I'm sure it works for some people, but not me.
I'm sure it works for some people, but not me.
The new v0.8 adds a BG queue specifically to deal with the issue of stalling when some sites fail. There was a system to do this in the past, but it was imperfect and mostly optimized for the docker setup where a scheduler is running `archivebox update` every few hours to retry failed URLs.
Site compability is much improved with the new BETA, but it's a perpetual cat and mouse game to fix specific sites, which is why we think the new plugin system is the way forward. It's just not sustainable for a single company (really just me right now) to maintain hundreds of workarounds for each individual site. I'm also discussing with the Webrecorder and Archive.org teams how we can to share these site-specific workarounds as cross-compatible plugins (aka "behaviors") between our various software.
> it quietly leaks everything you archive to archive.org by default
It's prominently mentioned many times (at least 4) on our homepage that this is the default, and archiving public-only sites (which are already fair game for Archive.org) is a default for good reason. Archiving private content requires several important changes and security considerations. More context: https://news.ycombinator.com/item?id=26866689
Sending everything to archive.org is bad default value and it erodes a certain level of trust in the project. Requiring "several important changes and security considerations" just makes a non-starter. The default settings should be "safe" for the default user, because as you mentioned in that post, 90% of users are never going to change them. Users should be able to run it locally and archive data without worrying about security issues, unless you only want experts to be able to use your software.
Also a contradiction between your statement and your blogpost, someone saving their photos isn't going to be want to worry about whether they configured your tool correctly or leaking all the group logs or grandma's photos.
>It's prominently mentioned many times (at least 4) on our homepage that this is the default, and archiving public-only sites (which are already fair game for Archive.org) is a default for good reason. Archiving private content requires several important changes and security considerations. More context
> Who cares about saving stuff?
> All of us have content that we care about, that we want to see preserved, but privately:
> families might want to preserve their photo albums off Facebook, Flickr, Instagram
> individuals might want to save their bookmarks, social feeds, or chats from Signal/Discord
> companies might want to save their internal documents, old sites, competitor analyses, etc.
I want the project to do well but it really needs to be secure by default.
I 100% agree, but because private archiving is doable but NOT 100% safe yet I cant make that mode the default. The difficult reality currently is that archiving anything non-public is not simple to make safe.

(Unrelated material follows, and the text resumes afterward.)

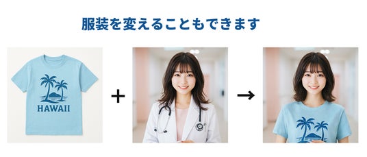 モデルの服装を変えることもできます。会社やお店の制服を着せるなどの活用が可能です。また、ファッション業界における新たな可能性をご提案いたします。

Every capture will contain reflected session cookies, usernames, and PII, and other sensitive content. People don't understand that this means if they share a snapshot of one page they're potentially leaking their login credentials for an entire site.

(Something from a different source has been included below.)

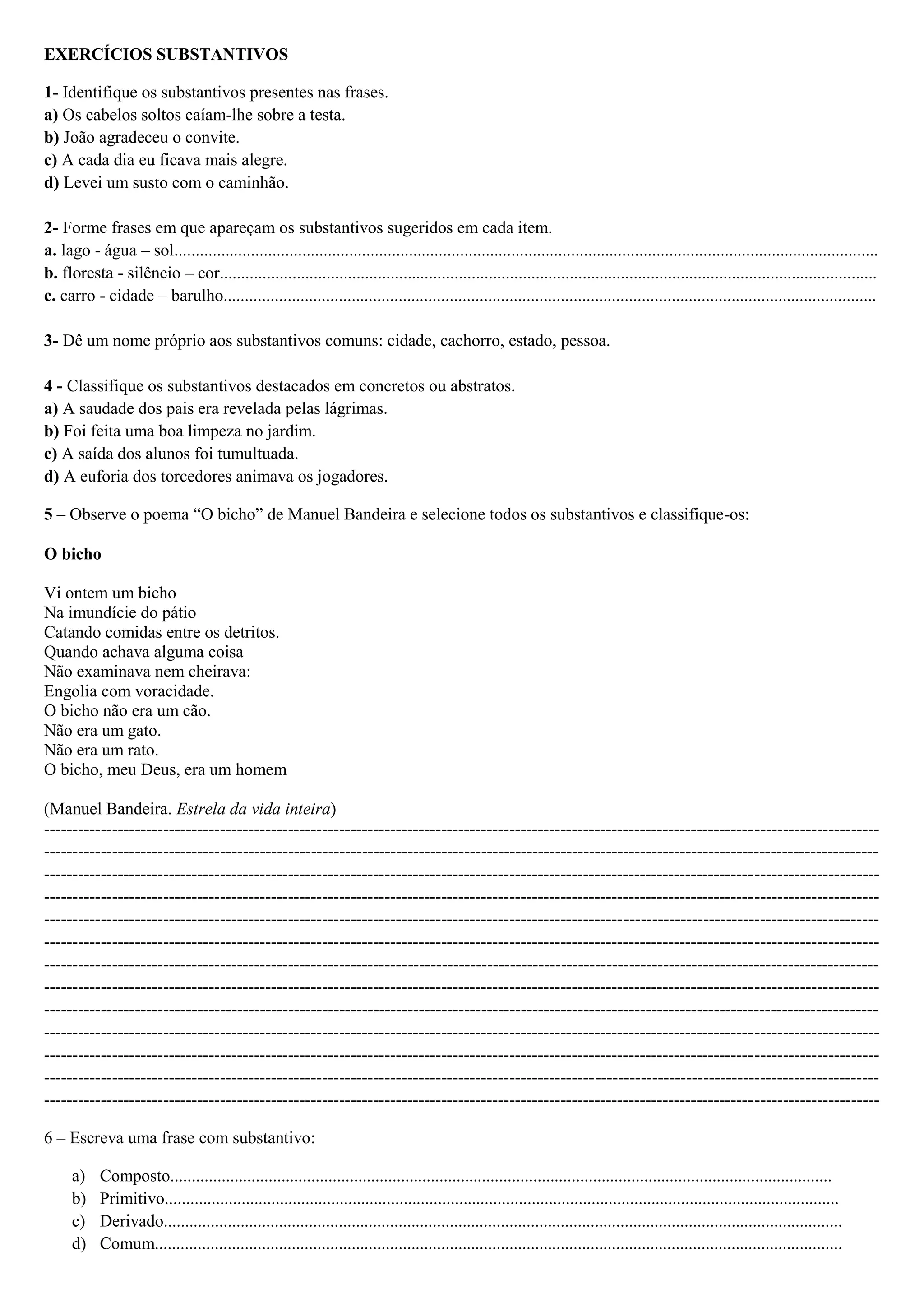 Este documento apresenta exercícios para identificar e classificar substantivos em português. Os alunos devem identificar substantivos em frases, formar novas frases com substantivos dados, nomear substantivos comuns, classificar substantivos como concretos ou abstratos e escrever frases com diferentes tipos de substantivos.

It is possible to do safely, and we provide ways to achieve that that I'm constantly working on improving, but until it's easy and straightforward and doesn't require any user education on security implications, I cant make it the default.
The goal is to get it to the point where it CAN be the default, but I'm still at least 6mo away from that point. Check out the archivebox/sessions dir in the source code for a look at the development happening here.

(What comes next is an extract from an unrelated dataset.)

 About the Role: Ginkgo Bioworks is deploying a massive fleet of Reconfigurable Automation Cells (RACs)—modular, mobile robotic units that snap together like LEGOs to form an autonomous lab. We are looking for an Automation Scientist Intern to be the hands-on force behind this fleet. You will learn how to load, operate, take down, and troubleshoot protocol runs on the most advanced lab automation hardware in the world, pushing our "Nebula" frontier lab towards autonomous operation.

Until then, it requires some user education and setting up a dedicated chrome profile + cookies + tweaking config to do. (as an intentional barrier to entry for private archiving)
I can see why you would want such a tool, but it seems like a direct divergence from the core goal of the existing codebase.
> And that was this week's newsletter! Congratulation for reading to the bottom, dear 198.51.100.1.
Even if the archivebox instance noted its own IP to do a search-and-replace like s|198\.51\.100\.1|XXX.XXX.XXX.XXX| on the snapshot it is about to create, it's possible to craft a response that obscures the presence of the information, such as by encoding the IP like this: MTk4LjUxLjEwMC4xCg==. I.e. steganography (https://en.wikipedia.org/wiki/Steganography).
Being able to anonymize archives before sharing them is something I would find interesting, but I don't think you can beat steganography, so I'm wondering what exactly you mean you plan to do.